The conservative-inspired “Impeach Obama” campaign will wax and wane over the next two political years, a weird residue of the benighted effort to impeach President Bill Clinton fifteen years ago. Even though the Impeach Clinton effort failed somewhat ignominiously, it has empowered true believers of the Left and Right to think of impeachment as an ordinary tool of American politics.
Thus, as the administration of President George W. Bush limped through its final days, liberal Democrats in Congress introduced resolutions to investigate his impeachment, or to flat-out impeach him. By 2008, liberal gadfly Dennis Kucinich of Ohio worked to force a vote in the House of Representatives on his claims that Bush’s foreign invasions based on false efforts (“he lied us into war” in Iraq) warranted his removal from office.
Now it’s President Obama’s turn. Impeachment advocates, including Sarah Palin, recite a laundry list of executive actions by Obama that supposedly exceeded his constitutional powers and justify impeachment and removal from office: actions on immigration policy, lies about Obamacare health insurance coverage (“if you like your coverage, you can keep it”), and launching the United States into “war” in Libya.
That these efforts have been doomed is a blessing for our constitutional government, yet they all reflect a fundamental confusion about what impeachment involves. That confusion has persisted in American government since the Constitution was ratified in 1788. The core of the problem is the constitutional standard for impeachable offenses — that the accused federal office-holder have committed “treason, bribery, or high crimes and misdemeanors.” “Treason” and “bribery” are never the issue. But what the heck are “high crimes and misdemeanors”? [Answer at the end of this post.]
My engagement with impeachment has been long and fairly intense. I defended a federal judge from Mississippi in a Senate impeachment trial and then filed a lawsuit challenging the Senate’s trial procedures in Nixon v. United States, a case that I ultimately argued (and lost) before the U.S. Supreme Court. And I wrote a book, Impeached, about the 1868 impeachment trial of President Andrew Johnson, in which Johnson won acquittal by a single vote in the Senate.

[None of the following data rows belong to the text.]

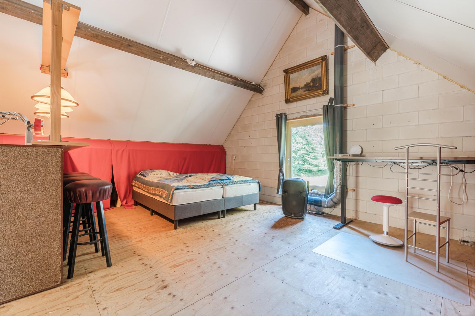 **Multifunctioneel bijgebouw: wonen, werken, verhuren, paarden, mantelzorg** Het riante, volledig geïsoleerde bijgebouw (153,8 m²) is een parel op zich. De begane grond (97,9 m²) herbergt een verwarmde schuur/garage en twee ruime paardenboxen, gehele begane grond compleet met (niet aangesloten) vloerverwarming, gootsteen en zadelkast. Via een vaste trap bereikt u de sfeervolle studio (55,9 m²) met woon-/slaapkamer, open inbouwkeuken, badkamer (wastafel, douche, toilet) en een extra ruimte met barretje, ideaal als ontspannings- of vergaderruimte. Met een eigen cv-ketel (2022) is dit bijgebouw eenvoudig geschikt te maken voor dubbele bewoning of gastenverblijf. Op het dak van het bijgebouw (29) en schuurtje (4) liggen zonnepanelen (2017) met een capaciteit van 9573Wp.
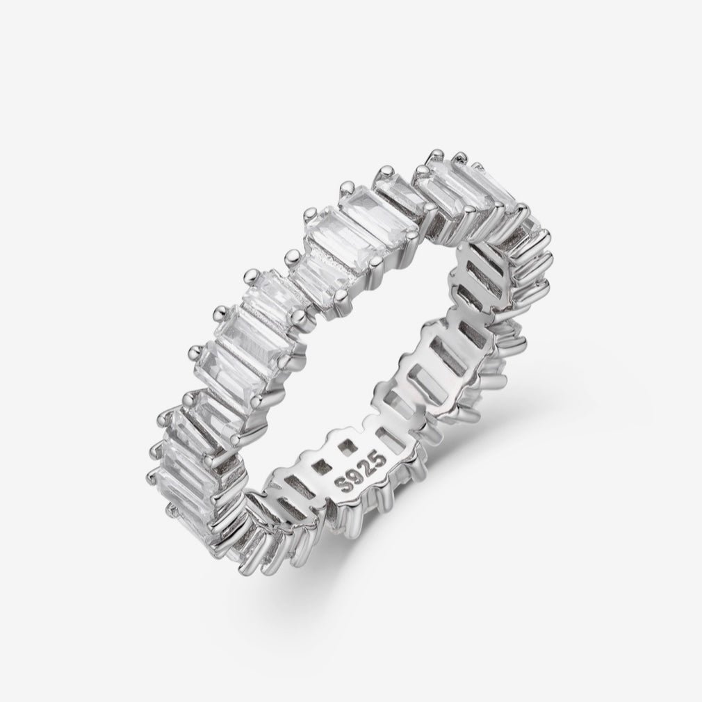 The Baguette ring is an elegant piece of jewellery from the Baguette family. adorned with beautiful baguette-cut stones. Each stone is set in a claw setting to create a stunning play of colours. This stylish ring has been specially designed for the layered look. making it perfect for a variety of outfits and occasions. For special occasions. you can also combine several pieces together to create an even more impressive look. With this ring you will definitely make a statement and add a touch of elegance to your outfit.
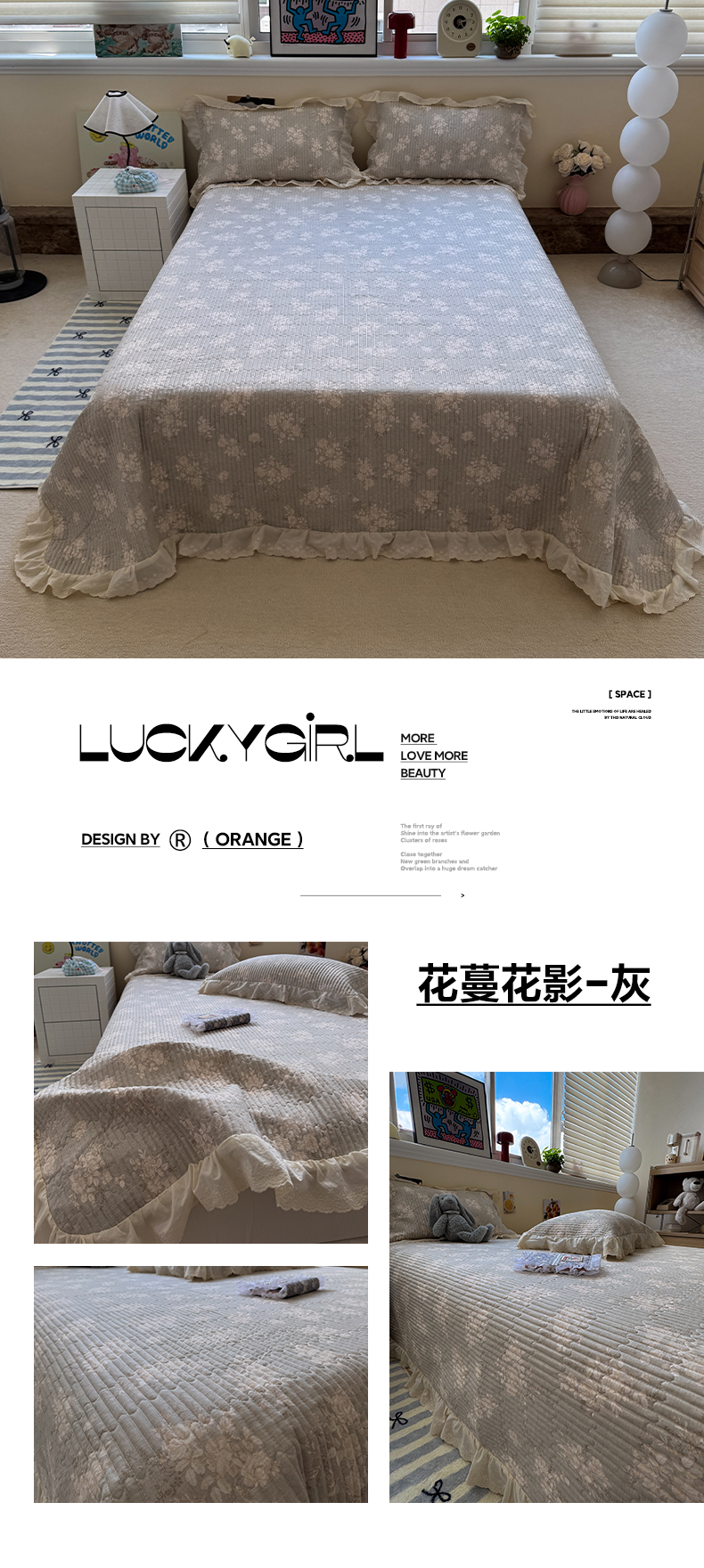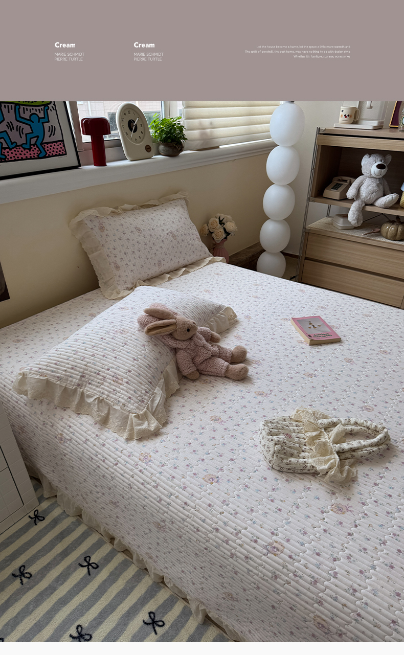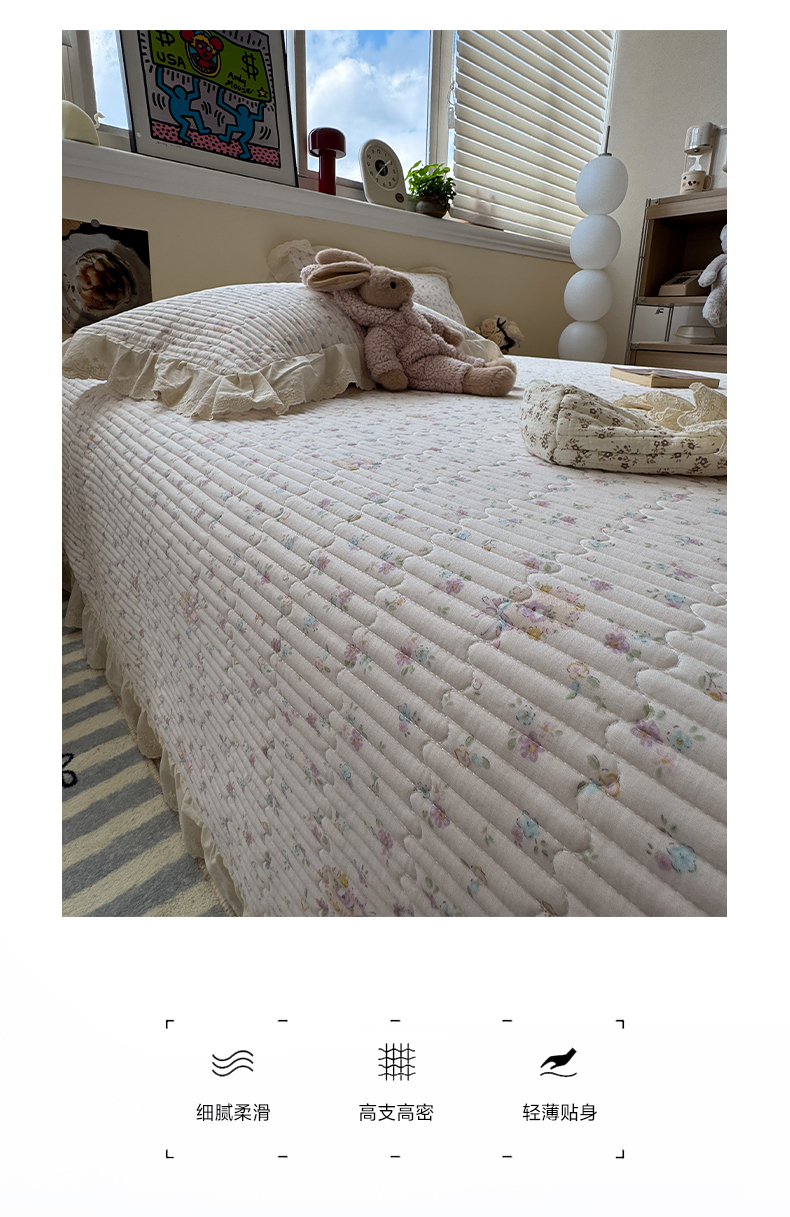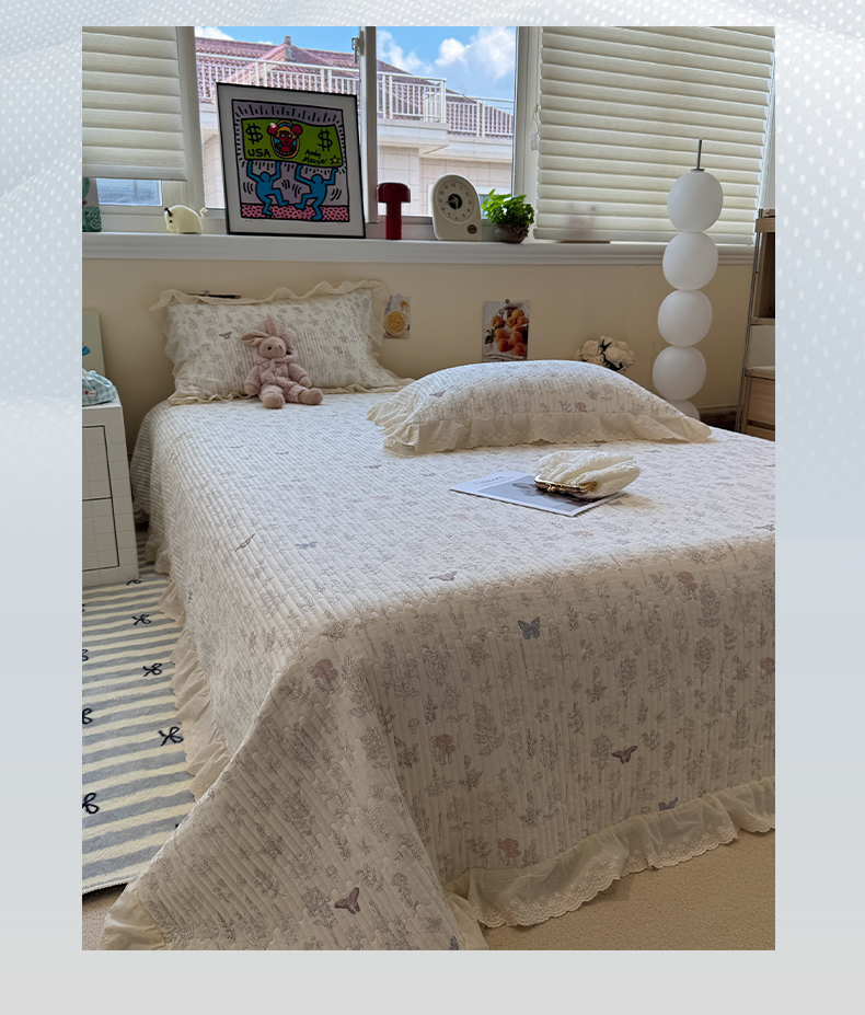 商品名称:一加一 2025新款全棉纯棉双层纱田园风单床盖床盖单件单品床盖 兰絮-粉
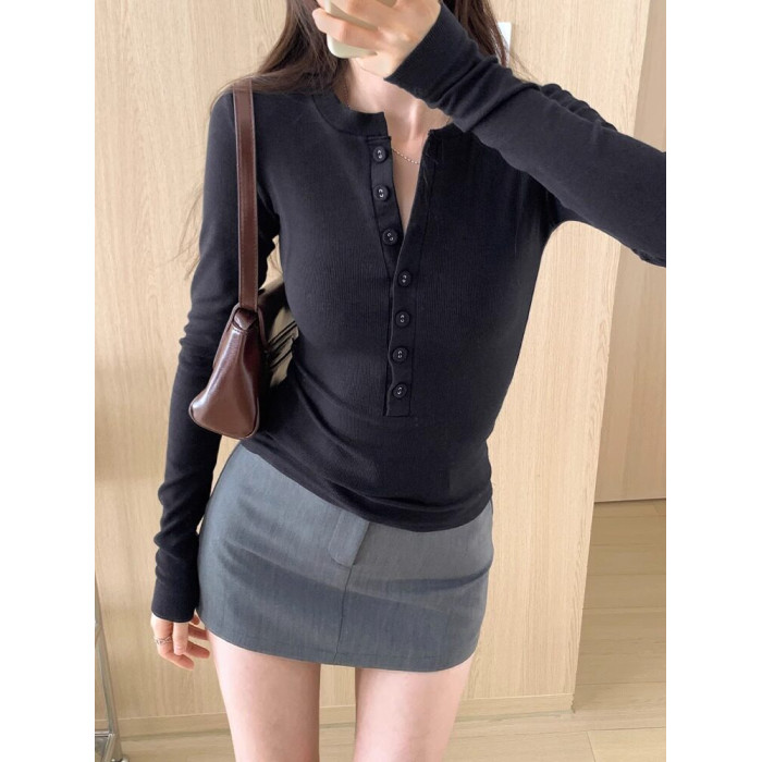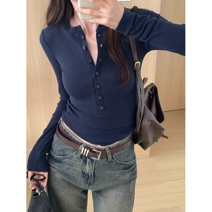 白色長袖V領設計感紐釦螺紋上衣春秋修身半開領辣妹ins打底衫T恤
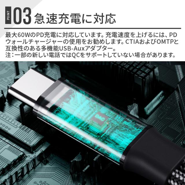 【PD60W急速充電をサポート】 PD3.0急速充電プロトコルをサポートします。 最大20V / 3Aの充電。 内蔵の強力なEJ899Mチップは、さまざまな電子製品に必要な電圧と電流を識別します。 充電電圧と充電電流の安定性を確保して、デバイスを保護します。 充電速度を上げるには、PDウォールチャージャーの使用をお勧めします。 【2in1 USB C〜3.5mmアダプター】USB C〜3.5mmオーディオ充電アダプターを使用すると、充電しながら音楽を聴くことができます。この多機能USBタイプC〜3.5mmアダプターは、音楽の再生と通話をサポートします。ほとんどのUSBCデバイス、およびデバイスの急速充電中のボリューム制御をサポートします。注:データ転送はサポートしていません。
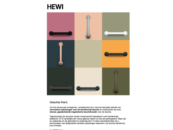 Met de HEWI Newsletter bent u altijd op de hoogte. Maandelijks informeren wij u over verschillende onderwerpen zoals nieuwe producten, technische wijzigingen, brochures en evenementen. Gebruik de HEWI Newsletter, om actuele informatie te verkrijgen en als inspiratie voor toekomstige projecten.
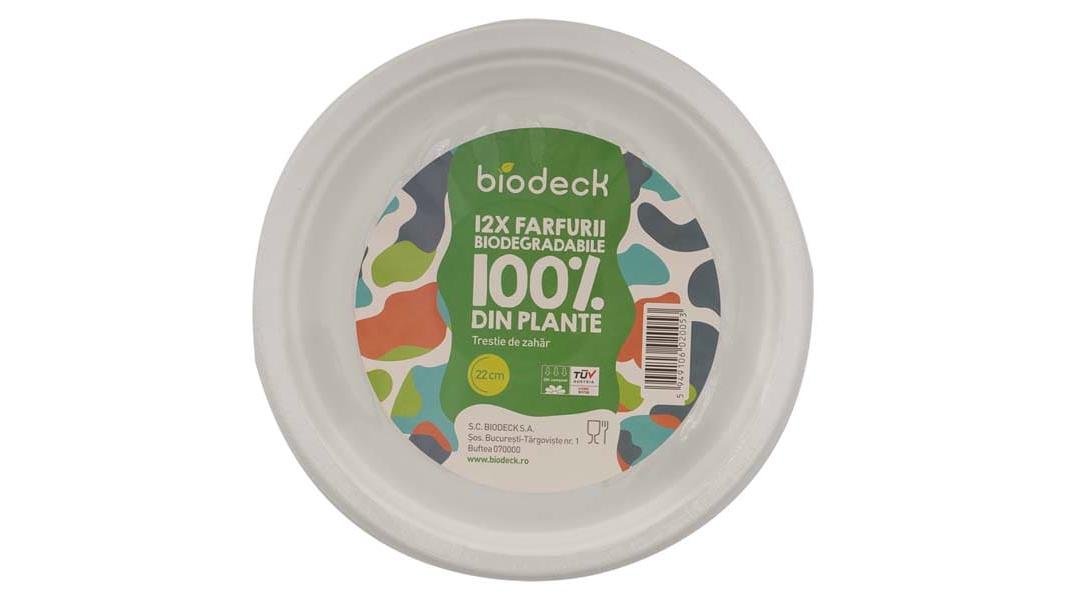 Set 12 farfurii biodegradabile Biodeck, trestie de zahar, 22 cm, Alb

For those seriously interested in the question of impeachment beyond the demagoguery of the moment, I recommend the following five books:
- Impeached, by moi — What did you expect me to recommend? The Johnson impeachment was a confusing mess. The accusations against him seemed picayune, yet the passions of the impeachers were titanic: they believed the fate of the Union and the outcome of the Civil War turned on Johnson’s trial. Dark men prowled Washington’s streets with satchels of money, looking for Senators to bribe on the impeachment vote. Somehow, the opaque impeachment clause of the Constitution brought about a peaceful resolution of a bitter national crisis.
- Impeachment: A Handbook, by Charles L. Black, Jr. — Not so much a book as a quiet conversation with a thoughtful constitutional law professor at Yale. Black lucidly explains each of the elements of the impeachment process and what they aim to achieve. I don’t agree with all of his conclusions, but it’s a valuable book.
- Impeachment: The Constitutional Problems, by Raoul Berger — In many ways, this volume is the polar opposite to Black’s. Berger disagrees with Black on several points and occasionally loses his way in hoary English impeachment precedents from medieval days. Meaning no disrespect to Berger, I find his book most valuable for proving that historical analysis of English impeachment will never solve the fundamental problems of making sense of impeachment under the U.S. Constitution. You may conclude otherwise.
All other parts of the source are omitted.